Note: While it is recommended that at least one board member be on each of the following committees, participation should not be limited to board members. This committee work provides an excellent opportunity for non-board members of the Association to become involved. The chairman of each committee need not be a board member either.

Section 6. Property Committee. This committee shall be responsible to the Board of Directors for the leasing, repairs and upkeep of grounds and building, the payment of taxes, the insurance of property and such other matters as may arise pertaining to the property.

Section 7. Finance Committee. It shall be the duty of the Finance Committee to submit to the Board of Directors from time to time as may be necessary a budget of the probable expenditures of the Association, and to recommend ways and means of raising funds to meet expenses. The committee should also be involved in helping the chapter treasurer and chapter executive committee in their budgeting duties and cash flow planning.

Section 8. Ad Hoc Committee. A Nominating Committee of three members and a Doane Award Committee of three members shall be appointed by the President from the membership of the Association.

Section 9. Nominating Committee. The Nominating Committee shall present a slate of nominees for the office of director at the annual meeting. There can, however, be nominations from the floor at election time.

Section 10. Doane Award Committee. The Doane Award Committee shall facilitate the Doane Award process. They shall request nominations at a chapter meeting, review nominations submitted by the active membership, select a recipient, and arrange for presentation of the award. The committee shall prepare a summary paragraph of the recipient's qualifications for entry in the Doane Award Book.

Note: Procedure for selection of the Doane Award winner is outlined in the FarmHouse Pledge and Membership Handbook.

ARTICLE X BY-LAWS

The Board of Directors shall have the power to make such by-laws as may seem expedient, but such by-laws shall be subject to repeal or amendment by any meeting of this Association. The Board shall not have the power, however, to pass any by-laws which would alter the status of the Association beyond the ability of the members to restore the former status at any annual meeting.

ARTICLE XI AMENDMENTS

These By-laws may be amended at any regular or special meeting by a two-thirds (2/3) voting in person, or by mail, provided that no amendment shall be adopted unless a copy of such proposed amendment shall have been included in or enclosed with the notice of such meeting.

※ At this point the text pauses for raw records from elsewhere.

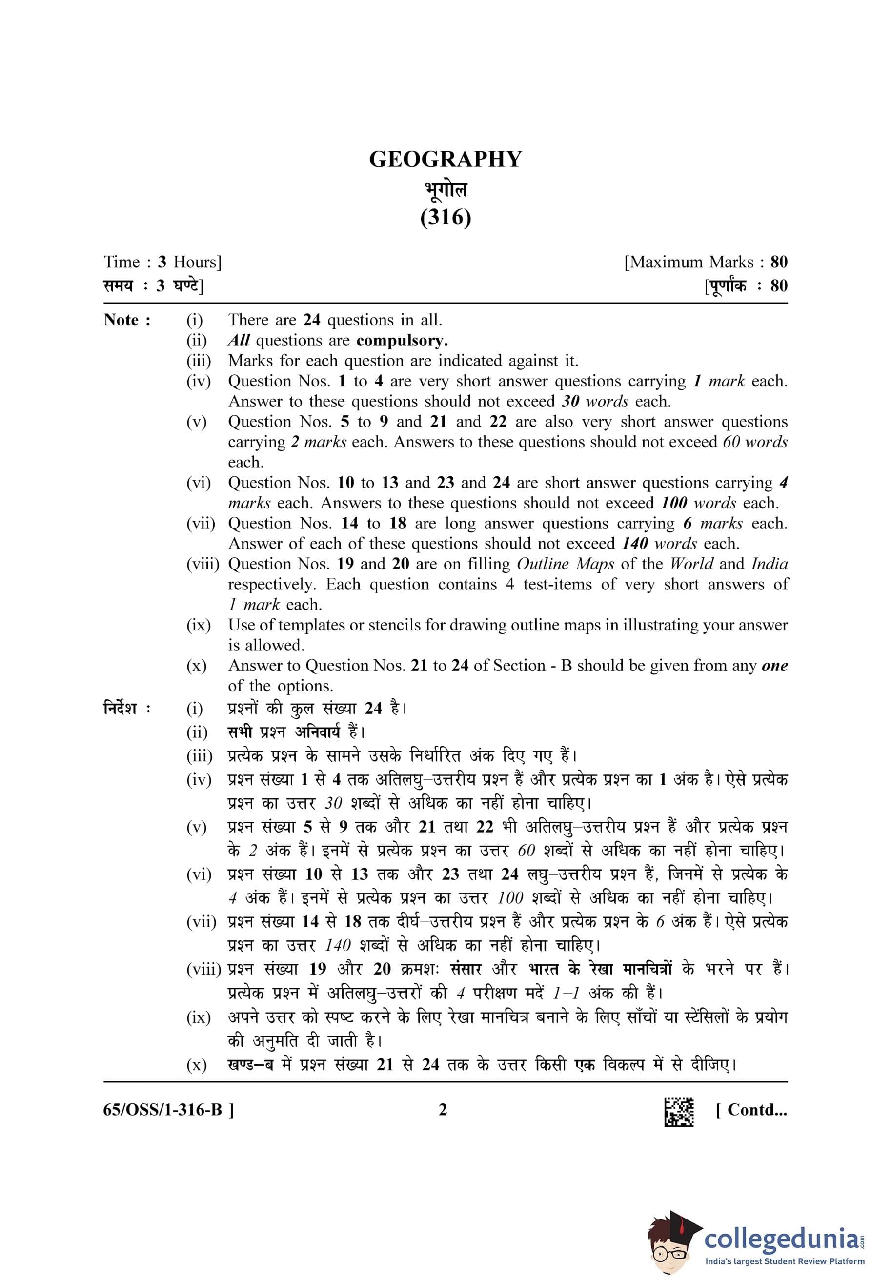 NIOS Class 12 Geography Question Paper 2023 with Answer Key pdf (Set B - OSS) is available for download here. The exam was conducted by National Institute of Open Schooling on April 29, 2023 in the Afternoon Session 2.30 PM to 5.30 PM. The question paper comprised a total of 28 questions divided among 2 sections.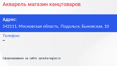 Акварель, магазин канцтоваров по адресу 142111, Московская область, Подольск, Быковская, 10 в дальнейшем Организация, размещена в следующих категориях: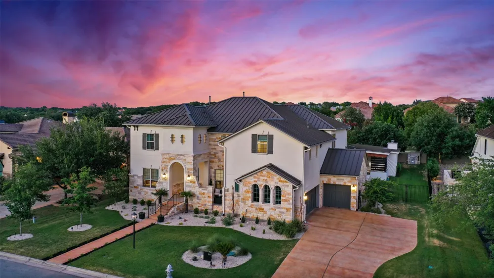 Welcome to 109 Bisset Court. This exquisite 5,282 SqFt residence located in the prestigious community of The Bluffs in Rough Hollow was built in 2019 by Westin Home. The gourmet kitchen is a Chef’s dream delight, showcasing an eight burner Wolf Stove, Sub-Zero refrigerator, high-end custom finishes, and a full wet bar. All 4 bedrooms have en suite bath and walk in closets. Located downstairs is a large, dedicated office and workspace. Upstairs boasts a generous media room, along with sizable living/playroom. The current owners have added $265,000 in upgrades including partially enclosing the upstairs living room, replacing all drapes with custom wood shutters, added accent tiles on stairs and showers, tankless water heater, and opening up the living room by installing new, larger sliding glass doors to offer stunning views of the pool. Enjoy relaxing in this backyard private oasis, complete with custom-built pool and spa, outdoor kitchen and dining area, plus a cozy cabana with outdoor fireplace. Rough Hollow offers resort-style living with the Canyon Grille Restaurant situated next to the Marina and Yacht Club on Lake Travis just minutes away, plus many more amenities including tennis, basketball, bocce and pickle ball courts, playgrounds, pools, lazy river, pavilion, fitness center, and 22 miles of scenic hike and bike trails. Voted one of the best master planned communities!

Comment: Some Associations require a three-fourths (3/4) majority vote to amend the By-laws.

ARTICLE XII DISSOLUTION

After fulfillment of the requirements of the law on dissolution or after discontinuance of business and payment of debts, any surplus shall be transferred as a gift to FarmHouse International Fraternity, or to another association or corporation having purposes similar to this Association, or shall be distributed for charitable purposes related to the purposes stated herein, or shall be given to the International Fraternity for safekeeping (and with no interest) until such time as this Association is reactivated, such time not to exceed five years.

Note: A statement regarding dissolution is required to obtain a bulk mail permit and for possible other legal requirements of a non-profit corporation.

ARTICLE XIII INDEMNIFICATION

This Association shall, to the full extent permitted by law, indemnify any director or officer of this Association against expenses including attorney's fees, judgments, fines and amounts paid in settlement reasonably incurred in the defense of any action, suit or proceeding, civil or criminal, in which he is made a party by reason of being or having been such director or officer of this Association, except in matters in which it is finally adjudged in such action, suit or proceeding that he is liable for negligence or willful misconduct in the performance of his corporate duties.

Note: Once completed and ratified, send a copy of the Association By-laws to the FarmHouse International Fraternity Office to be kept on file for reference.